前傳--人族之前:弱肉強食(十四)

盤古目光炯炯,豪氣四起,道:「不。我只認同你前一句!倒下吧!」反應極快,在對方其餘三爪未動之時,身子竄到其左臂之下,雙腳順勢夾著其腰,而右臂撐著其肘,將自身重量狠狠放在對方身上,誓要將守衛鼠的左臂折斷並將其壓在地面。

守衛鼠本來力量強大,足以單手將盤古提起,可是左臂骨裂,且死撐已久,傷口越來越大,那股疼痛卻令牠自然使不起勁,而且盤古所瞄準的正是最脆弱的關節,更令牠無法反抗,當真若他所說倒在地上。牠被逼至這境地,內心的恥辱與痛楚於心中更是燒得旺盛。

盤古絲毫不理會自己左手流血,深知若放過這機會便前功盡棄,硬是拉扯,而右肘不斷施壓,誓要廢去對方一臂。正當守衛鼠想以右爪抓斷盤古雙腳,後者大喝一聲,忽地渾身焚起紫炎。盤古似瘋了一樣,笑問:「守衛鼠,你應該沒想過你會被人殺死吧?」

守衛鼠立即閉目,免得雙眼被紫炎所傷,被逼得不敢動彈,鞏固全身的土鼠之力平均地鋪在毛髮上對抗如斯烈炎。盤古見對方暫要穩著心神,便一鼓作氣,運起全身力氣,硬生生扭斷其左臂,更繼續向後扳,直至那臂骨刺穿皮膚,鮮血狂流。





直到此時,守衛鼠再也按捺不住,不禁大聲痛嚎;用作護身的土鼠之力稍微不穩,紫炎便從各空隙鑽入,燒起其毛髮,熾熱難忍,撕破防線後更加猖狂,開始燃燒左臂的傷口,更燒熔四肢利爪,實在令牠痛不欲生。牠感到體力似被抽乾,大叫:「不!不!放過我吧!我不再傷害你們,你只要現在放開我就可以了!快點放開我!」

盤古雖看似佔盡上風,但已幾乎筯疲力盡,體內靈力也快將耗盡,心想:「恐怕我的紫炎也未必能燒死牠。」大叫:「爸、十!快點過來,了結牠!」

盤木和盤十一早就握緊鋤頭和斧頭,聽到此話更無一絲猶豫,衝上去用盡全力劈去。盤十激情四射,向其他人大喝:「做人還是奴隸?隨你自己選擇!」盤古見二人前來便暫且收起紫炎,免得傷了二人。

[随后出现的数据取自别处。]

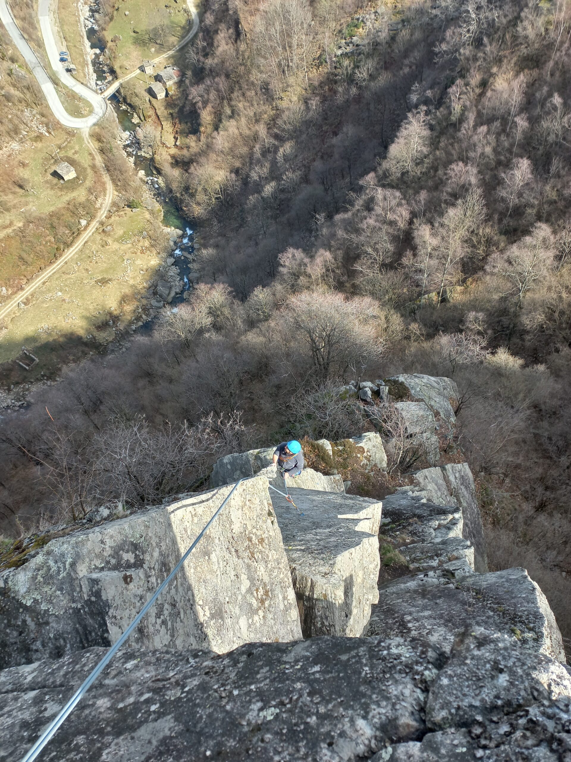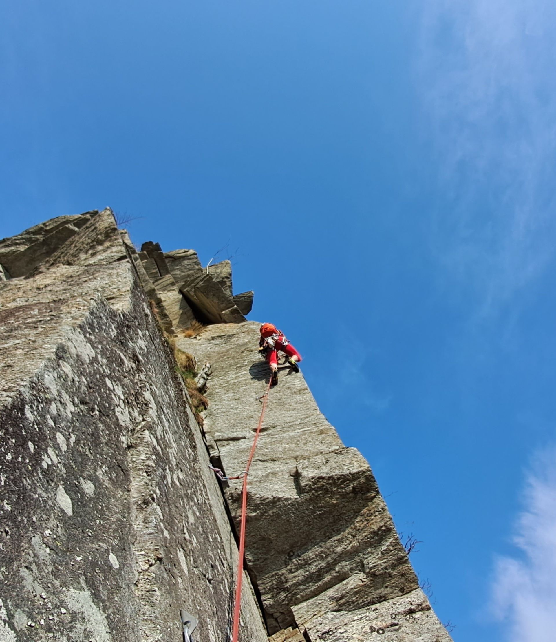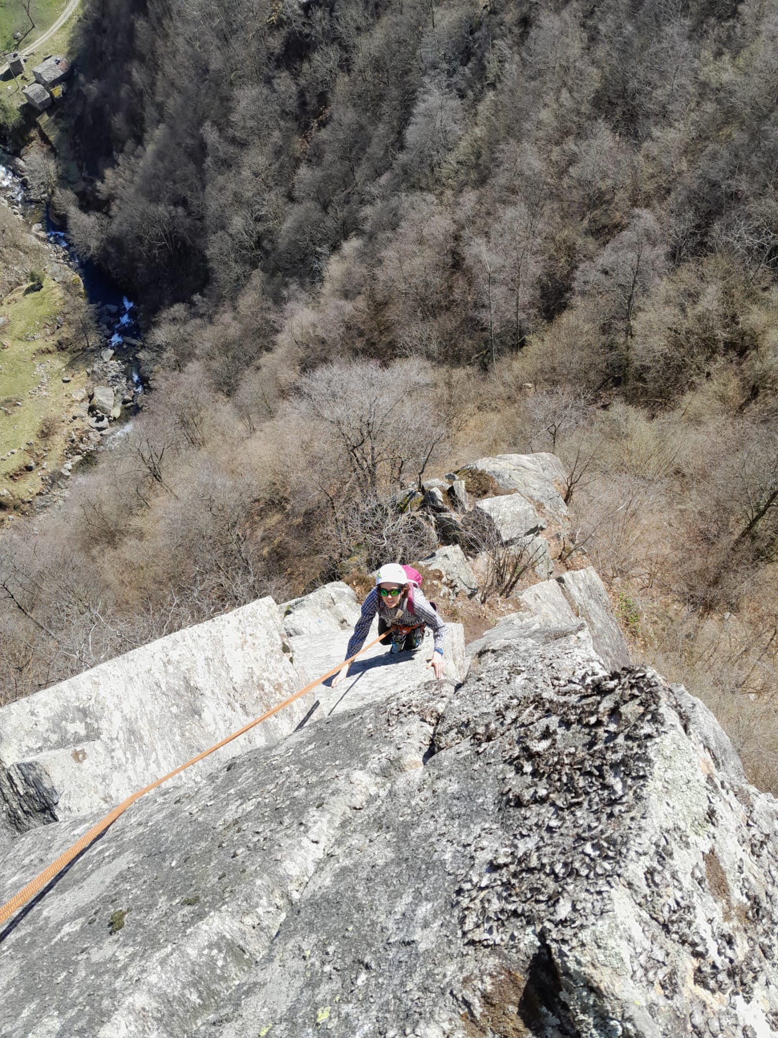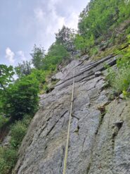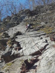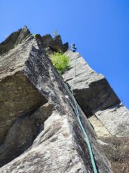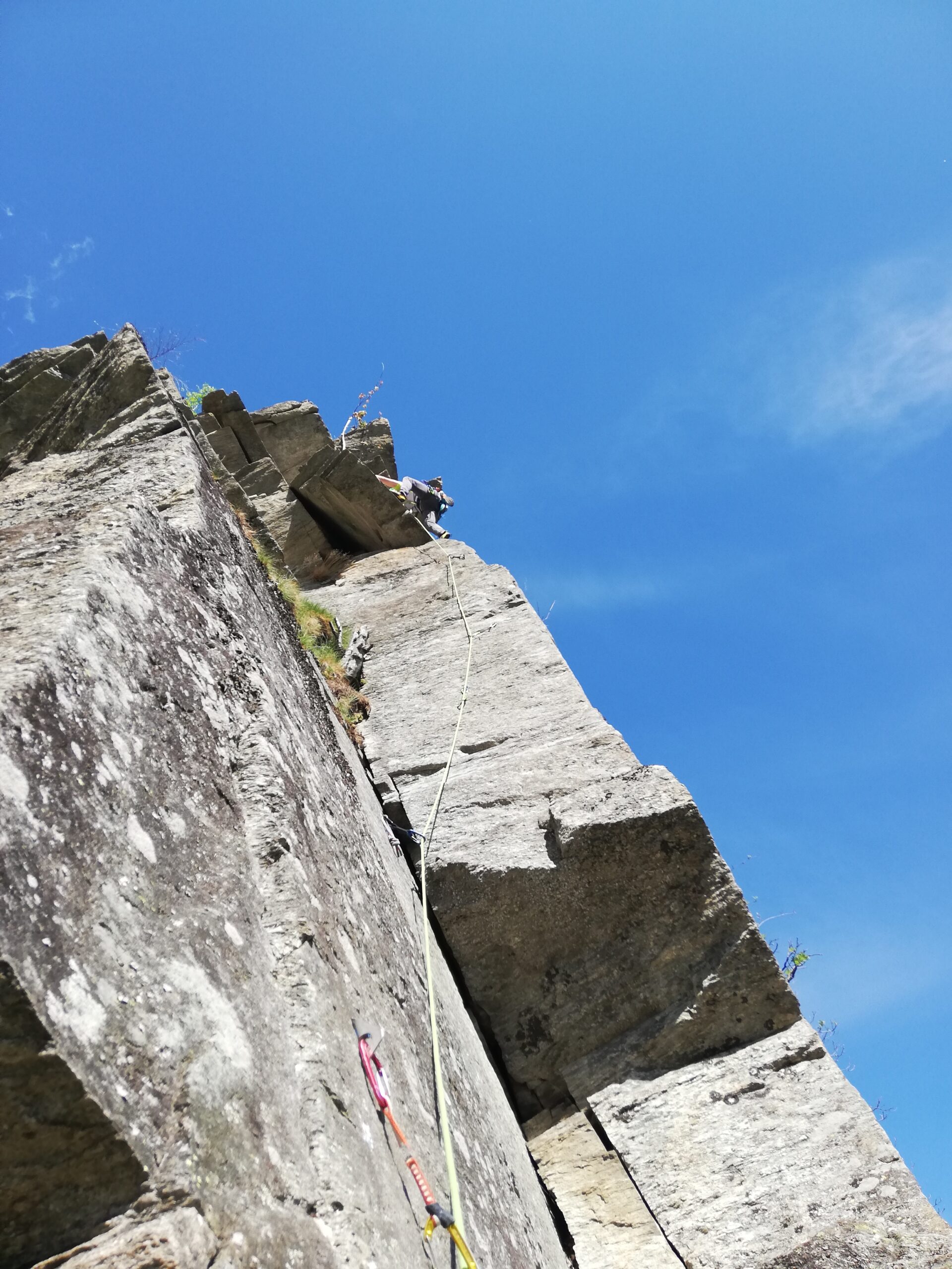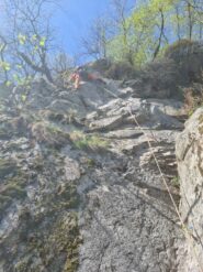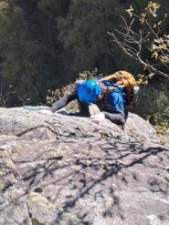 - L1) Superare un diedro con uscita leggermente strapiombante e continuare sullo spigolo a sinistra (5b)

守衛鼠甫見紫炎消失,似在鬼門關前走了一圈,忍痛撕斷左臂,摔開盤古並趁機閃走。今時不同往日,牠體力極低,僅能推開盤古,卻來不及避開鋒利的斧頭和鋤頭。畢竟盤木和盤十尚未覺醒成門者,力氣不大,只能在其背部斬出一個傷口及腰間骨骼打出一條大裂痕。

爛船尚有三分釘,牠皮肉厚實,即使如此也未算重傷,雙腳蹬踢開盤木和盤十,便嘗試跑離現場。盤古深知若守衛鼠逃離此處,再召來其餘的土鼠,盤氏就真的徹底完蛋,便逼起自己餘下的力氣跑去。





守衛鼠頭也不回,一心只顧保全生命,全力跑走,自知只要跑上山崖便可脫離盤氏,更可與其他守衛鼠聯絡。此時,其餘盤氏見守衛鼠狼狽不堪,更深明盤古的大義,內心的自由花終於盛放,紛紛變得激昂,跟著盤古的腳步一同追趕。

守衛鼠知人無法飛簷走壁,便用力一跳,以僅餘的爪抓實岩石爬上去。牠甫定下身體,驚覺盤古竟已在身旁,而瞳孔暴現藍光,四肢長出鱗片,身軀粗壯不少,手指更變成龍爪,比原來自己的爪更加鋒利堅硬。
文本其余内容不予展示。